Financial infidelity can lead to divorce and impact outcomes

Financial infidelity has been growing in popularity, and the prevalence of this behavior could be contributing to divorce rates throughout the country. Over 40% of Americans now admit to keeping financial secrets from their spouses.

In general, secrets and lies can lead to arguments and the breakdown of a marriage. While financial infidelity could contribute to the breakdown of your marriage, it could also affect your divorce outcome.

What is financial infidelity?

Financial infidelity involves withholding financial information, lying about financial matters or making financial decisions without consulting a significant other. Examples can include secret shopping sprees, secret credit cards, secret accounts, secret stashes of money or secret debts.

Typically, financial infidelity involves important financial decisions or large amounts of money. Minor financial secrets, like a surprise birthday gift for your spouse, are not usually considered financial infidelity.

How might financial infidelity impact divorce?

During divorce, an innocent spouse could be on the hook for the outcomes of financial infidelity, such as debt. Assets and debts that spouses accumulate together or individually during their marriage are considered marital property and must be divided during divorce. Often, marital property, including debt, is divided equally. However, a judge could also divide debt based on each spouse's income, on the owner of the account or on the person who incurred the debt.

Depending on the circumstances, financial infidelity could affect the way a judge divides marital property. Withholding financial information from a spouse may not be enough alone to affect the division of marital property, but financial infidelity often overlaps with financial misconduct. If a spouse commits financial misconduct, an Ohio court may divide marital assets in such a way that the division favors the spouse who was harmed.

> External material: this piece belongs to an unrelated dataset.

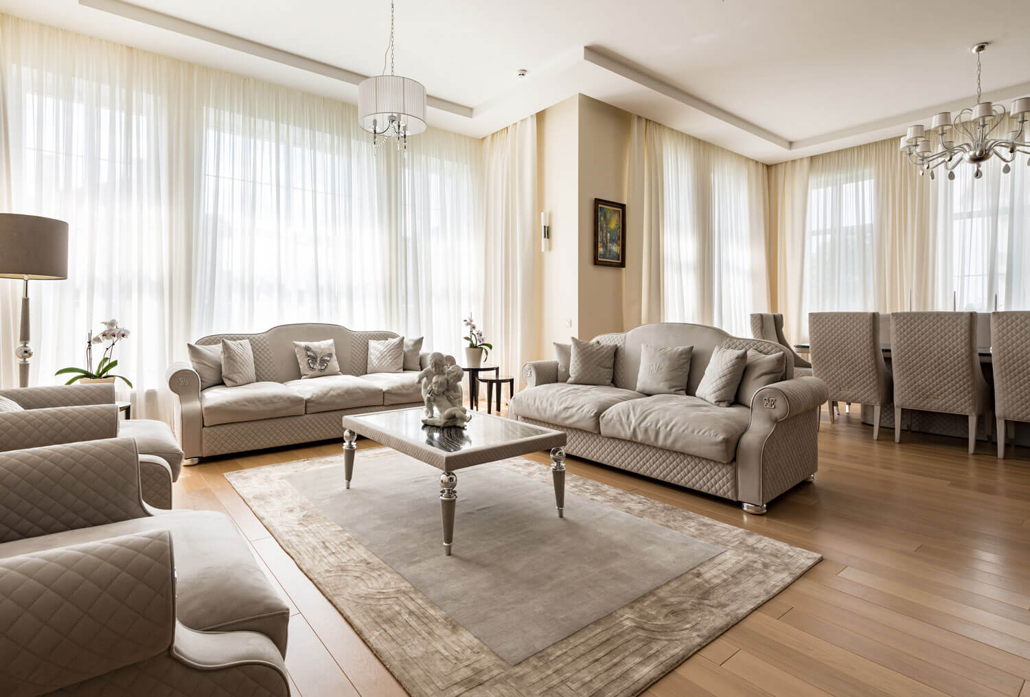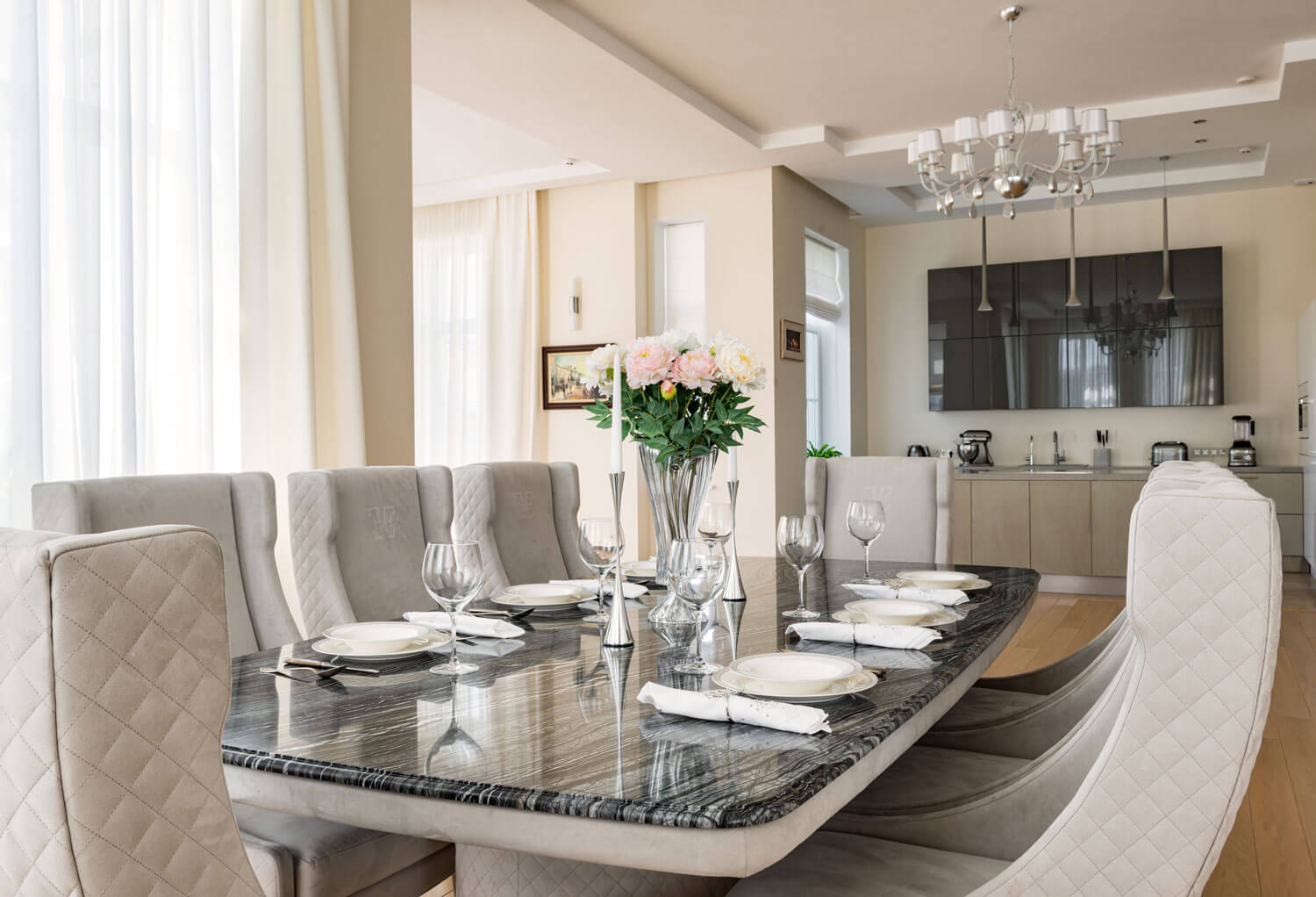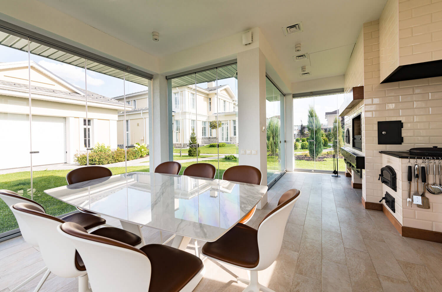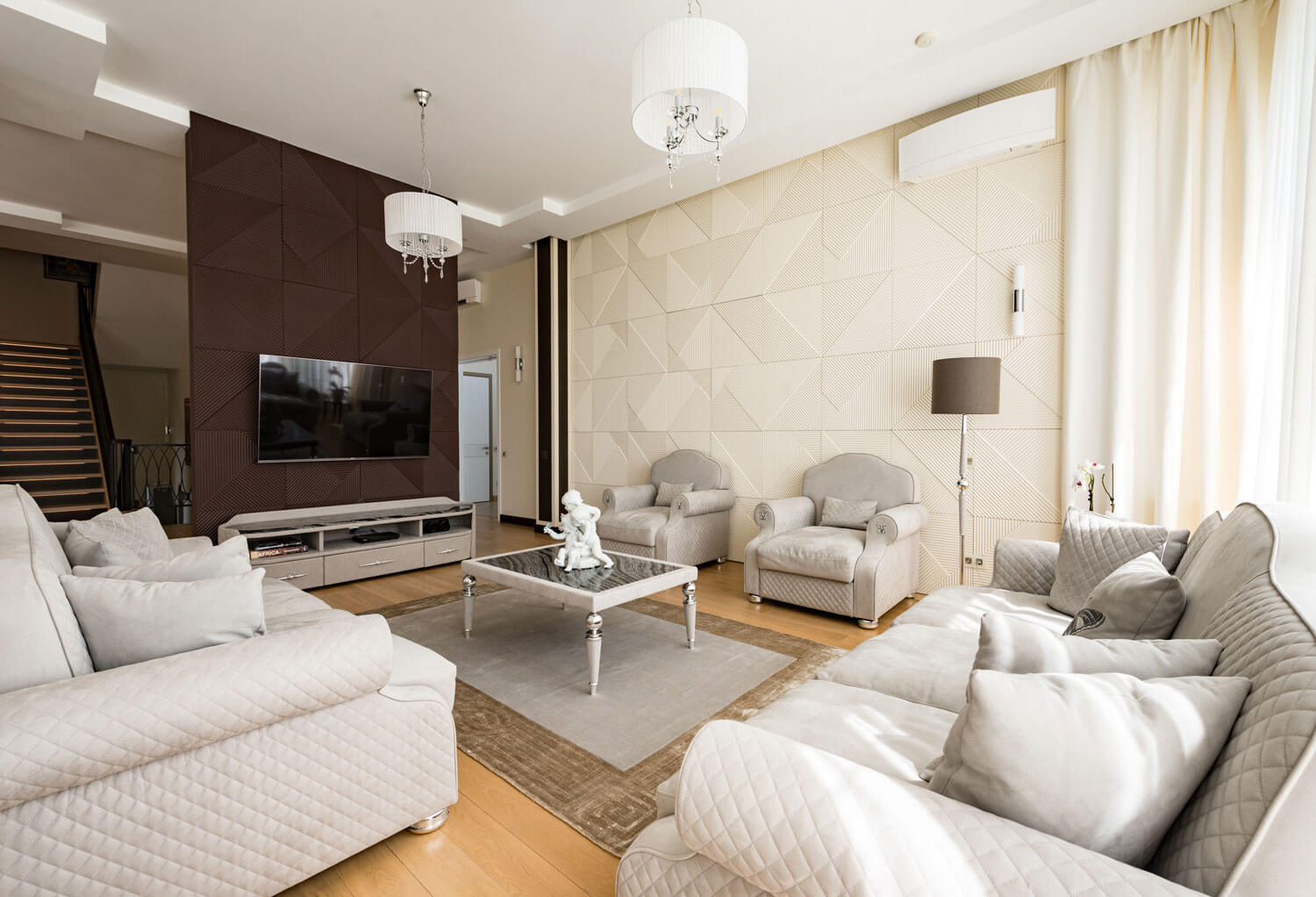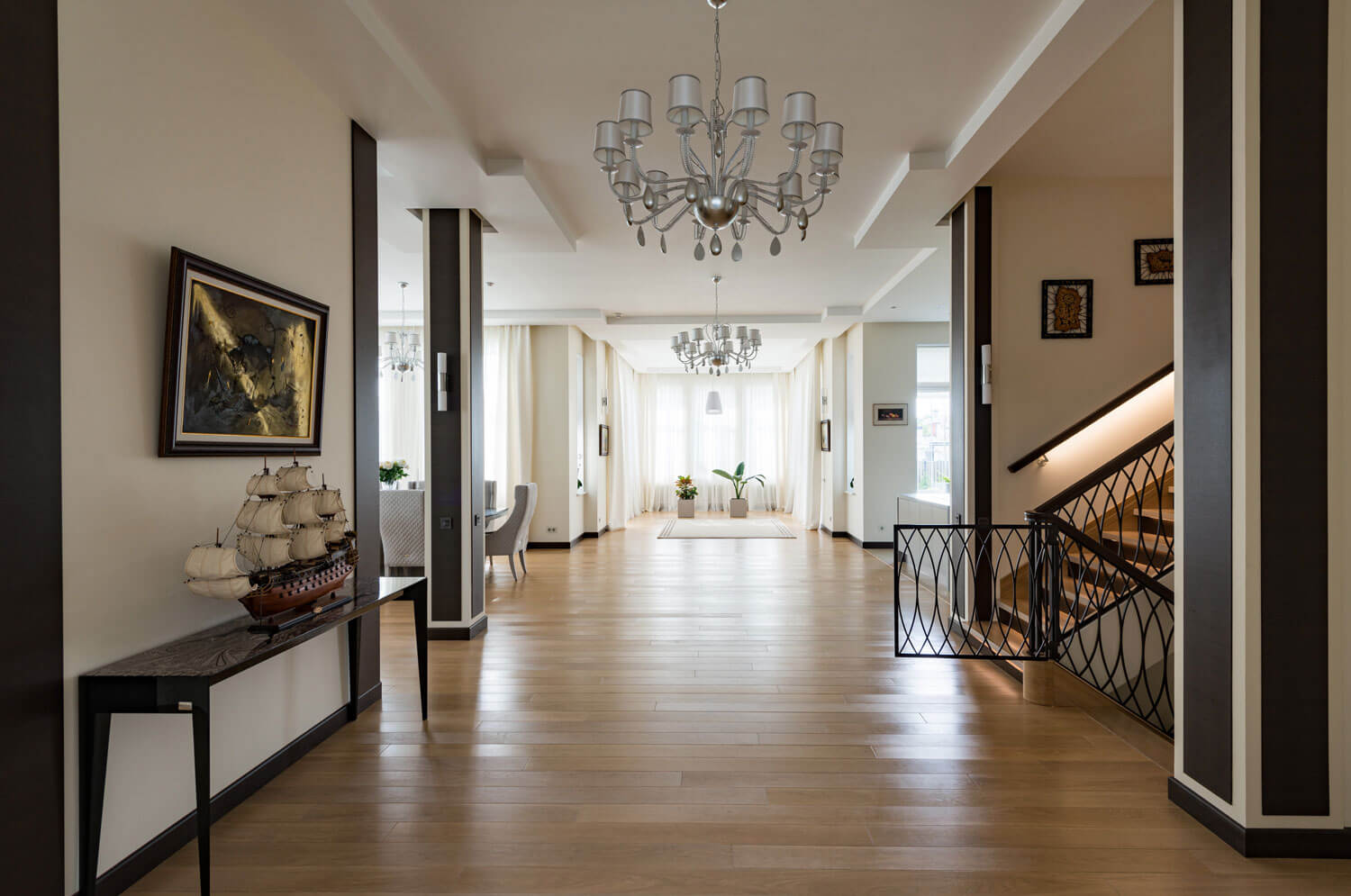 Умный дом: В проекте предусмотрена система на основе оборудования Crestron. На сенсорные панели и выключатели выведены системы для управления: видеонаблюдение, домофония, пассивная безопасность от протечки воды, управление окнами (открыть и закрыть) и управление светом, шторами и климат-контролем, мультимедиа, различные сценарные работы: «День», «Ночь», «Я ушел», «Я пришел», «Сон» и «Утро», «Семейный ужин» и «Вечеринка», «Времена года» и т.д.

Behaviors that could be considered financial misconduct, include:

  • Losing a significant amount of money to gambling
  • Purchasing drugs or other illegal substances
  • Using marital money to pay for gifts or entertainment for a lover
  • Not properly disclosing assets in divorce

If you or your spouse keep financial secrets, it does not necessarily mean that your marriage will end in divorce. However, financial secrets often cause financial and emotional damage to relationships, and repairing that damage can require time and dedication from both spouses.